– Я не улечу, Лия, — ответил я. Раньше я не сознавал, что таково мое намерение, но, отвечая, знал, что не кривлю душой. Я не собирался возвращаться. — Я нашел… Словом, я остаюсь.
– Знаю.
– Знаешь?
– Боже, сколько всего я узнала! Все это здесь, Тинкерман, все закодированно в кристаллах. Но сколько еще остается узнать! Я познакомилась с теориями объединенных полей, с физикой семи и десяти измерений. Не ведаю, какая от этого польза. Думаю, все, что я здесь узнала, — это физика воображаемых, невозможных вселенных. То ли они еще есть, то ли еще будут, то ли о них можно только грезить… — Она подняла кристалл и уставилась на него незрячим взглядом. — Красота и холод.
– Я не вернусь, Лия, — повторил я. — Скажи капитану, что… В общем, что хочешь, то и скажи.
– Всему этому нет конца.

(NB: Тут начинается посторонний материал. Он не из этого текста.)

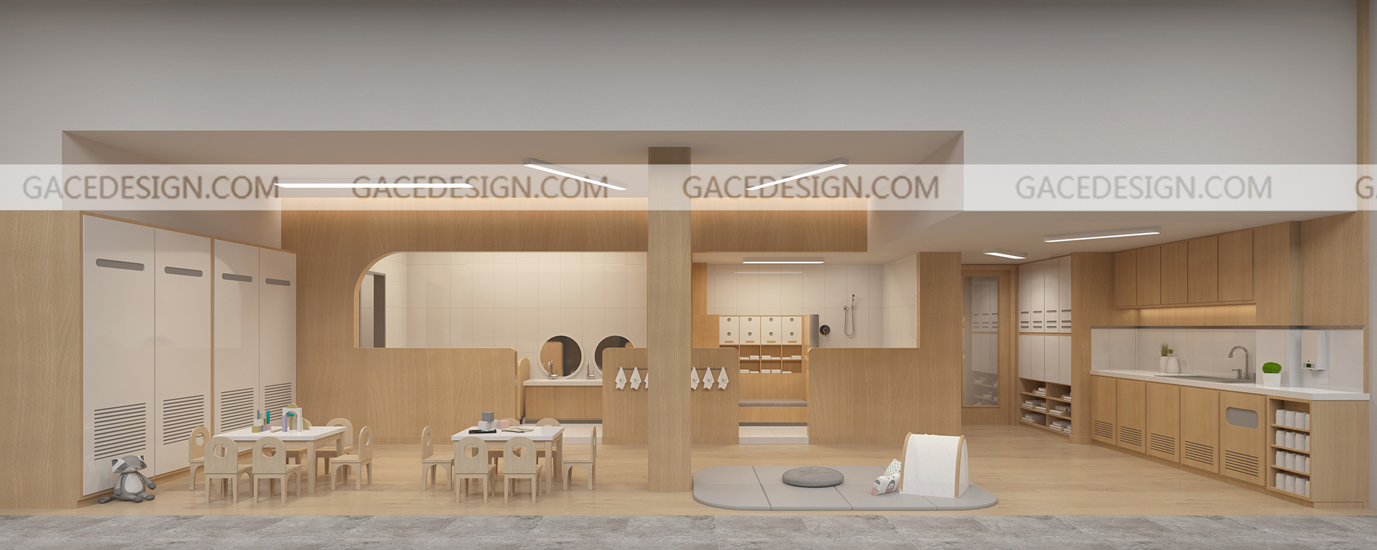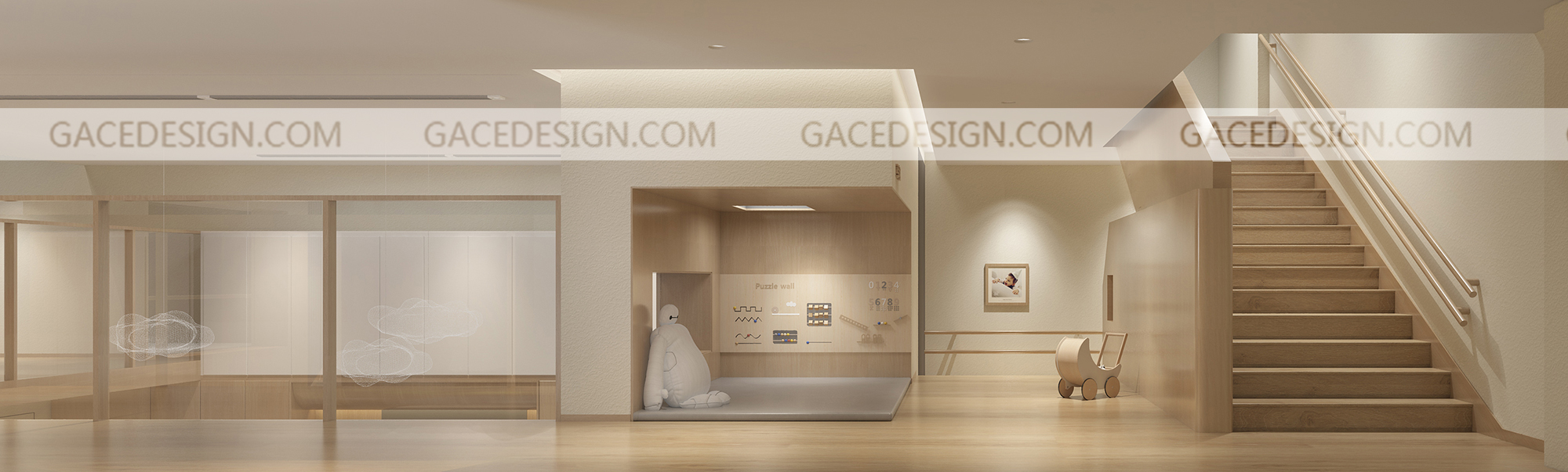 從前廳入口,我們設置了一個門廳,孩子就像回家一樣,在門廳處就完成了換鞋和洗手的功能,孩子有專屬的換鞋凳和鞋柜。空間造型上我們進行了簡化,保留了原有的層高,讓陽光最大程度的映入空間。在前臺處我們還設置了孩子尺度可觀賞的魚缸。在空間基調上我們選擇了柔和木質材料與自然光線的映射,使空間呈現明快輕松的氛圍。為了讓孩子自己與環境互動,我們在一層設置了一個空曠的空間,孩子們能夠在這里安全的爬行和玩耍,我們根據不同年齡段孩子的需求還設置了不同的區角,益智區、繪本角、涂鴉墻和感統區等等。在樓梯閣樓中我們加入了更多可互動性的功能。通過墻上的樂高墻壁,區域角的閱讀小書屋,攀爬區,滑梯,涂鴉墻。除此之外教室設計應充分的考慮孩子們的尺度和保育員的保育便捷和操作性。我們在項目中嘗試探討空間與兒童的探索關系。努力營造一種孩子可以自己發育成長的環境模式。
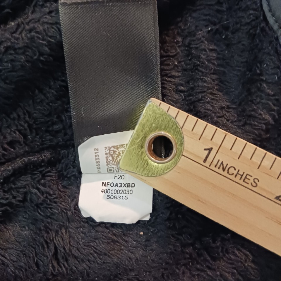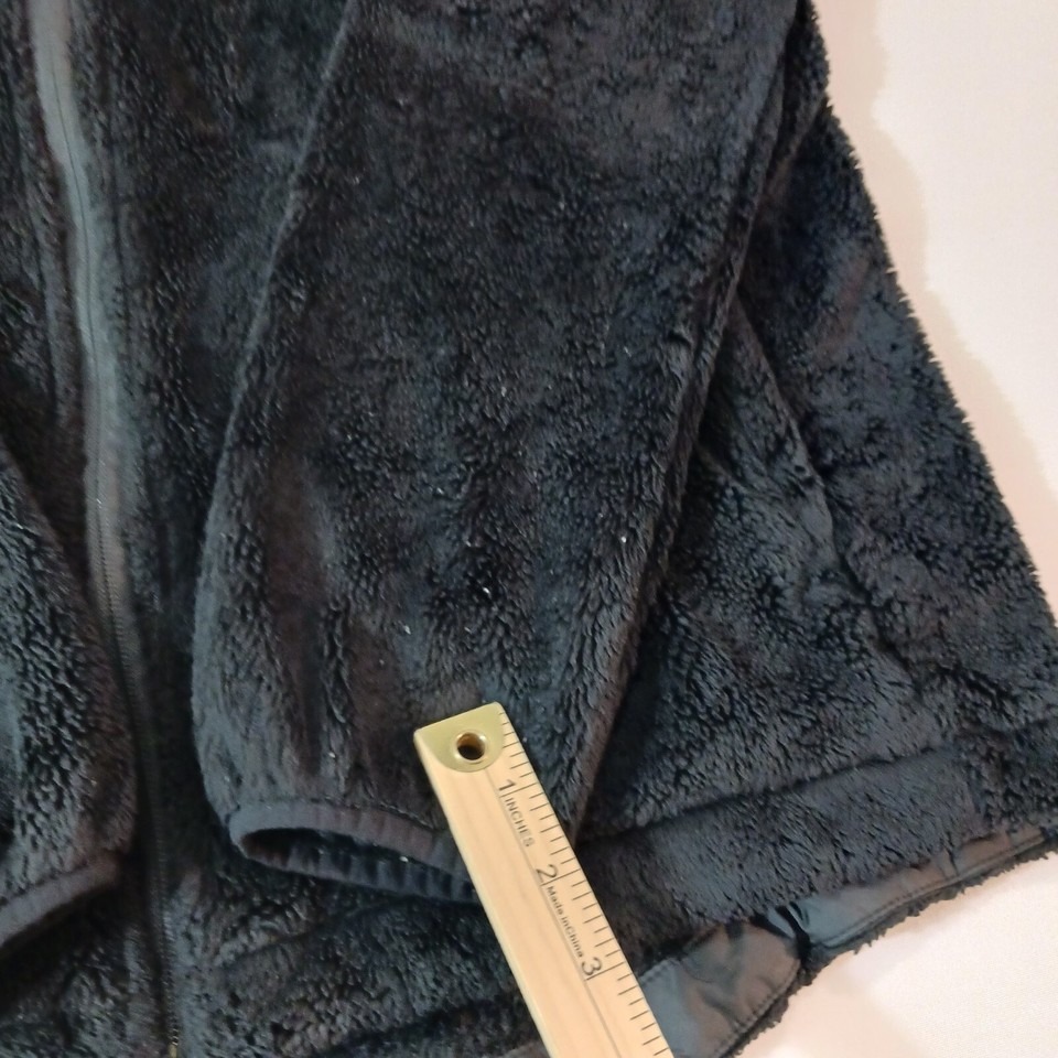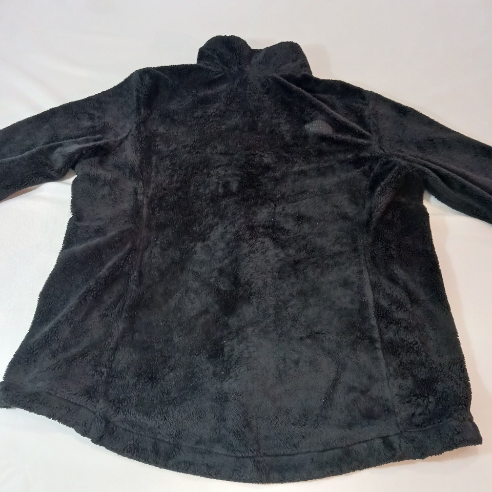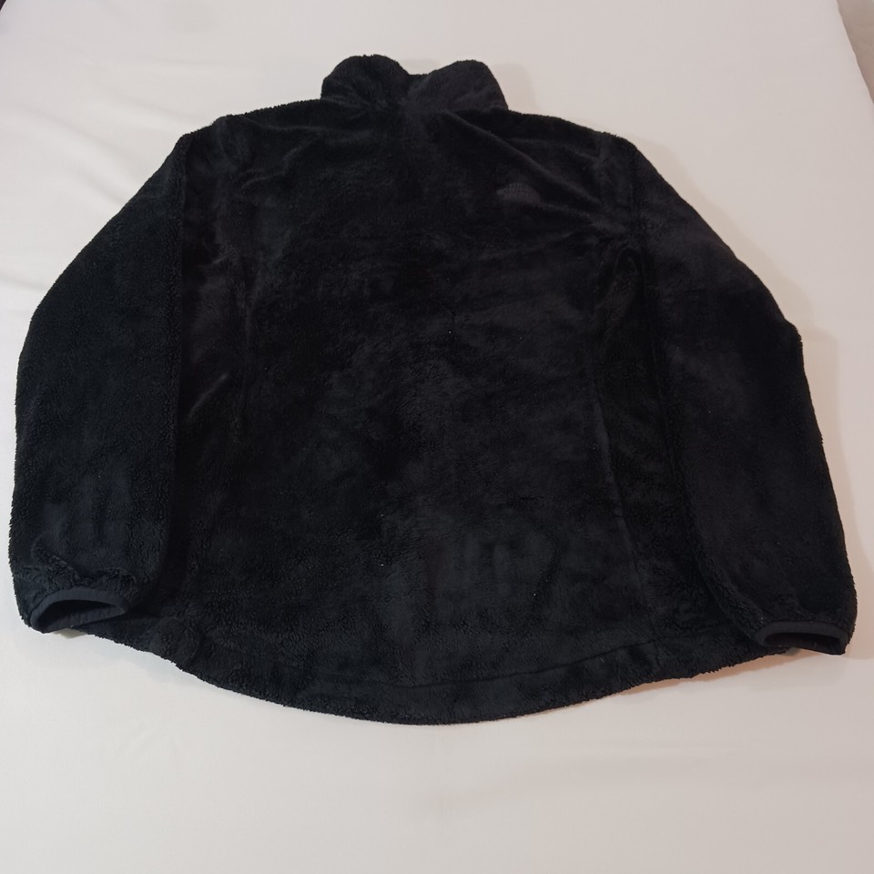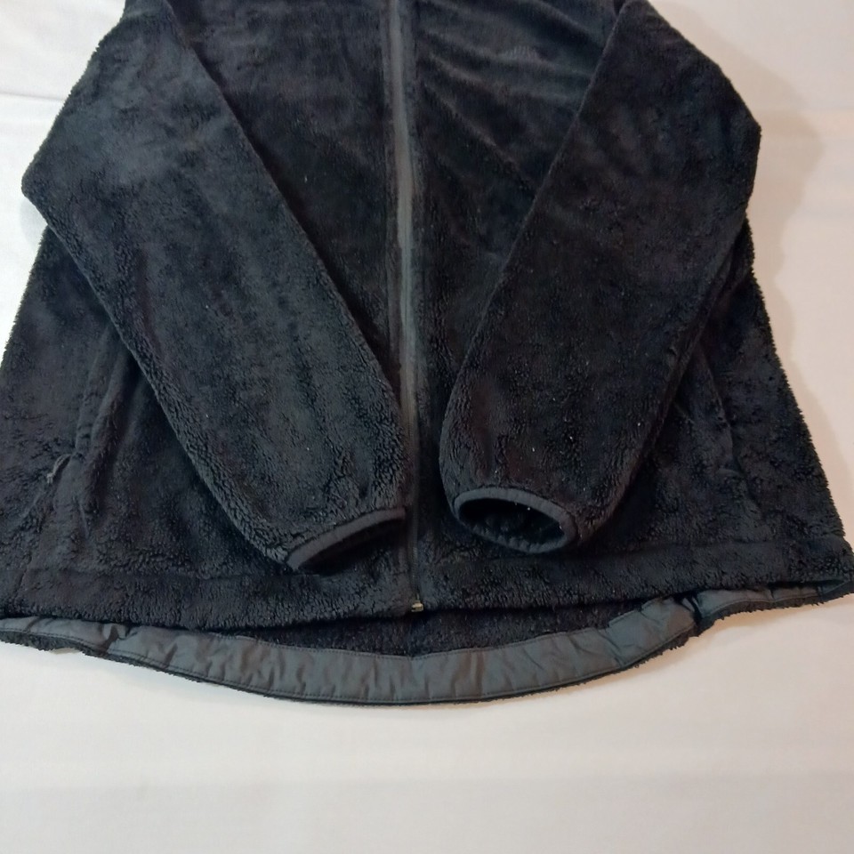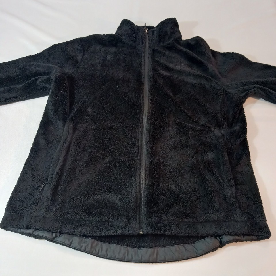 This black fleece jacket from The North Face is a must-have for any outdoor activity. With a full zip closure and collared neckline, it provides both warmth and style. The jacket is made of fuzzy polyester insulation material and lined with polyester, making it comfortable and machine washable.
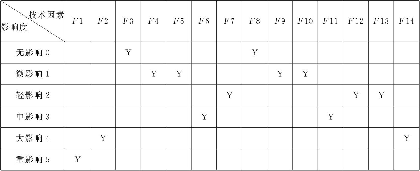 再取技术因素分布如表2-1,可求得技术因素综合影响程度:
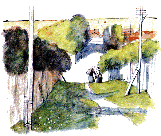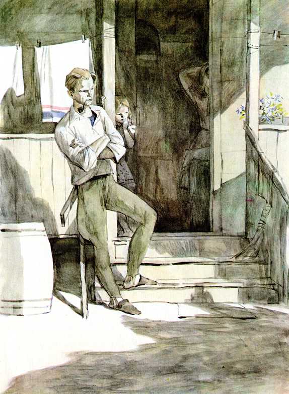 Вот сидим мы верхом на крыше. И видно нам сверху, как в соседнем саду, у крыльца, дымит трубой самовар. А на крыльце сидит хромой старик с балалайкою, и возле него толпятся ребятишки.
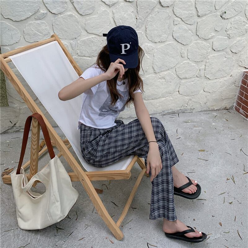色:チェック柄パンツ
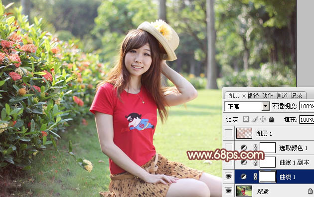 Photoshop给外景红衣人物加上淡美的红黄色(2)
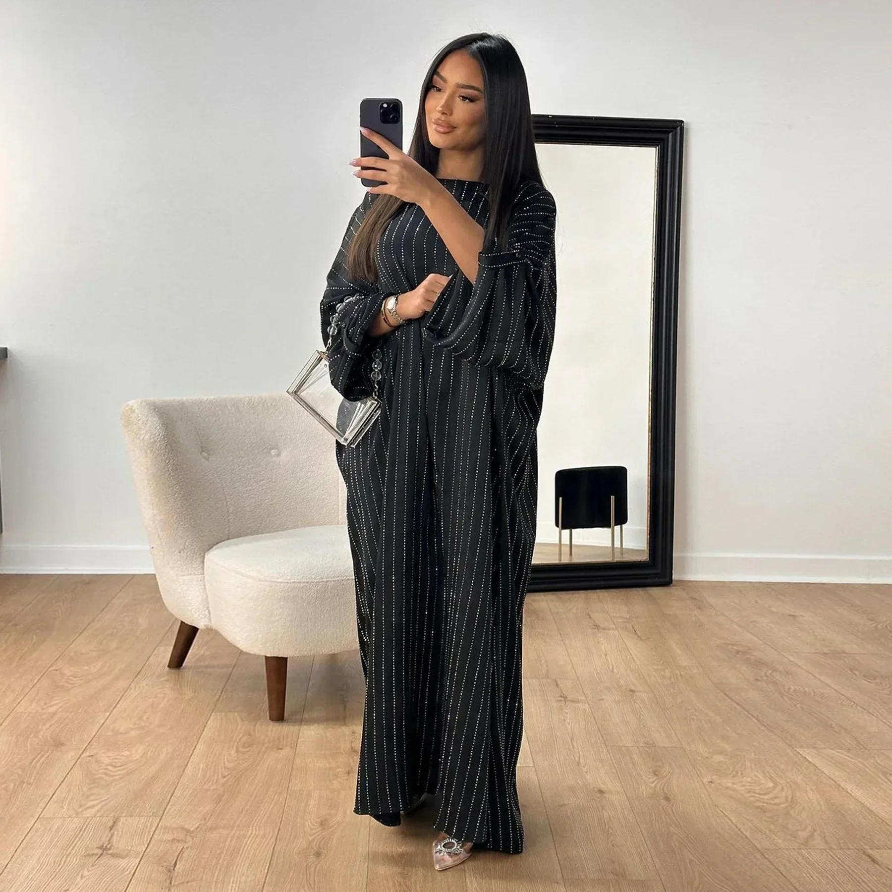 Abaya en satin à rayures scintillantes pour femmes, robe de soirée musulmane de luxe, abayas turcs, vêtements islamiques, caftan de Dubaï |

Я могла бы остаться здесь навсегда и вечно познавать новое, все глубже уходя в ЗАГАДКУ. — Она бросила кристалл и вздохнула. — Не могу тебя заставлять, Тинкерман. Пора лететь. Давно пора. Но заставить тебя я не могу. В моих силах только попросить.
Она отвернулась и ушла, ни разу не оглянувшись.
Я вернулся в палатку и нашел там ее — невероятно прекрасную и ждущую. Само ее совершенство было невыносимым. Она была создана для меня; каждый ее изгиб, каждая клеточка подходили мне на тысячу процентов. Я должен был задать ей один вопрос, но не знал, как спросить.
– Я люблю тебя, — сказал я наконец. — Неописуемо. Безнадежно. Почему?
– Я знаю.
Это не ответ. Желал ли я ответа?
– Кто ты? Ты — человек?
Она склонила голову на бок. В уголках ее рта притаилась улыбка.
– Кто же еще? Я в точности такая, какую ты желал.
– И какая же ты?
– Никогда раньше не думала о себе. — Она закрыла глаза, размышляя. — Сама по себе я не способна ни любить, ни ненавидеть. Просто есть — и все.
– Ты меня не любишь.
– Если ты думаешь, что я тебя люблю, значит, люблю.
– А если я улечу?
– Я останусь такой, какой была всегда: без любви и без ненависти. Существовал единственный способ покинуть рай — просто уйти. Я знал, что, оглянувшись хотя бы на мгновение, никогда не смогу уйти.
Я ускорил шаг.
Транспортные катера оказались там, где я их оставил: три приземистых сооружения, чуждые загадочному пейзажу.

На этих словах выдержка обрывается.